Reported 6MFY19 core PATAMI of RM104.4m (YoY: +7.9%) was broadly in line with ours and consensus estimates, at 46.4% and 45.8% respectively. We are encouraged by QL’s foray into the convenience store business, as Family Mart seems to be well received by Malaysian consumers. Despite this, we expect the business segment to be loss making in the short term. We maintain our TP of RM5.10 (based on 35x PE of FY 19 EPS of 14.6 sen) and SELL call

In line. Reported 6MFY19 core PATAMI of RM104.4m (YoY: +7.9%) was broadly in line with ours and consensus estimates, at 46.4% and 45.8% respectively.
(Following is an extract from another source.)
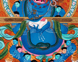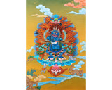 Sakya Mahakala, the dharma protector(guardian) of the Sakya sect, is depicted in his Panjaranatha form in this thangka. Here, he is carrying a wooden gong(Gandhi), skull bowl and vajrahopper. The wooden Gandhi is used to summon the monks and nuns in the monasteries and is symbolical of his vow to protect and guard the monastic community. He is celebrated and placed in the hearts of all Sakya practitioners in the Himalayan community.

We deem this in line as 2H is historically slightly stronger than 1H.

Dividend. None Declared (2QFY18: None).

QoQ: Core PATAMI grew 38.0% to RM60.5m due to better performance in the Marine Product Manufacturing (MPM) and Integrated Livestock Farming (ILF) business divisions. MPM division’s profitability was fuelled by recovering fish landings (+26.7% at the PBT level). ILF division grew strongly by 72.4% at the PBT level from higher contributions from Malaysia poultry units (partially from recovery in egg prices in 2Q19) and increased raw material trade volume. The better performance was achieved despite the Palm Oil Activities (POA) division posting losses for the first time since 4QFY15.

YoY: Core PATAMI growth of 10.7% was in tandem with higher revenue (+13.8%), which grew to RM920.3m, a record high for QL. Profitability was driven by better performance in the MPM division for similar reasons mentioned above as well as favourable effective tax rate. Despite this, the POA division posted RM1.6m losses in 2Q19 vs RM3.1m in 2Q18 at the PBT level. This was due to lower OER from Indonesia plantations and lower average realised CPO price (2Q19: RM2,198/mt vs 2Q18: RM2,650/mt).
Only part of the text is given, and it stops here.